The rest of the contract is intact: discovery, JWKS (RS256), and aud binding via resource indicators all still work, and the issuer moving to the regional host (fra.cloud.appwrite.io) is already handled by the issuer-from-discovery logic.

Auth fixes

  • Curated scope advertising: the MCP now advertises openid profile email all project:all organization:all, intersected with the AS's live scopes_supported so a renamed/removed scope is never advertised. Falls back to mirroring the full discovered list when none of the preferred scopes exist (self-hosted projects with custom scope catalogs). Overridable via MCP_OAUTH_SCOPES (space-separated).
  • Discovery cache TTL: 5-minute TTL with stale-fallback when a refresh fails — authorization-server changes now propagate without a redeploy, and an AS blip doesn't take the MCP down.

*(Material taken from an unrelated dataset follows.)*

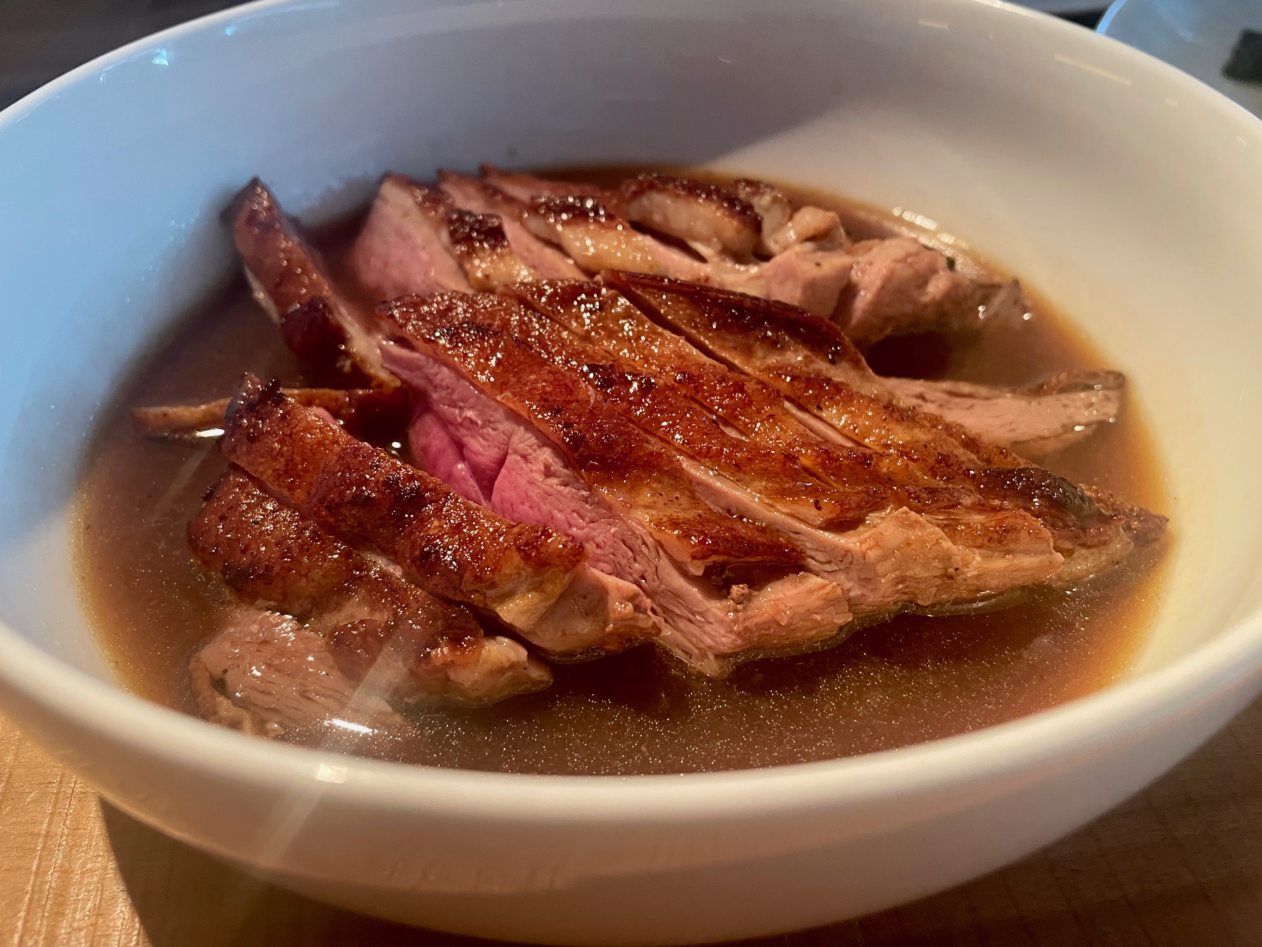 bevor es mit einer dampfenden Brühe, die aus den Karkassen und Gemüsen gezogen wird, ins Menü startet. Und die hat es in sich: dicht, tiefgründig und hocharomatisch hat sie alles, was Liebhaber von konzentrierten Suppen, eigentlich schon fast eher einer Bouillon, lieben. Darin schwimmt zudem ein seidenweicher Dumpling mit einer Füllung aus dem Fleisch der Keulen, Herz und Leber. Einfach wunderbar und lange nachhallend.

Housekeeping (same branch)

  • constants.py: module-level constants consolidated into a single file, grouped by consumer. Dedupes DEFAULT_ENDPOINT (was defined in both auth.py and server.py); generic docs_search names gained a DOCS_ prefix; private-by-convention names dropped the leading underscore now that they're shared. Mutable/derived module state (_UPLOAD_TRANSPORT, SERVICE_CLASSES) stays where it lives.
  • Pyright in CI: pyright (basic mode over src/, configured in pyproject.toml) added to the dev group and the lint job, plus the AGENTS.md pre-PR checklist. Fixed the 13 pre-existing errors it found: Optional narrowing in docs_search._rank, ASGIApp typing for RequireBearer, AnyUrl construction for resource URIs, dict | None return on ToolManager.get_tool, a missing inline-content None guard in uploads, doc_param.description or "", the enum schema annotation, and the anyio.to_thread submodule import (previously relied on another library importing it first).

Verification

  • All 94 unit tests pass; ruff, black, and pyright clean.
  • Booted the HTTP transport locally against production Cloud: serves the curated 6-scope metadata with the fra.cloud.appwrite.io authorization server; 401 challenge intact.
  • End-to-end against production: dynamically registered a test client and hit /authorize with the curated scope set + resource=https://mcp.appwrite.io/mcp — it 302s to the consent screen instead of erroring.

Note

Production needs a deploy of this change — a bare restart would still hit failure mode 2.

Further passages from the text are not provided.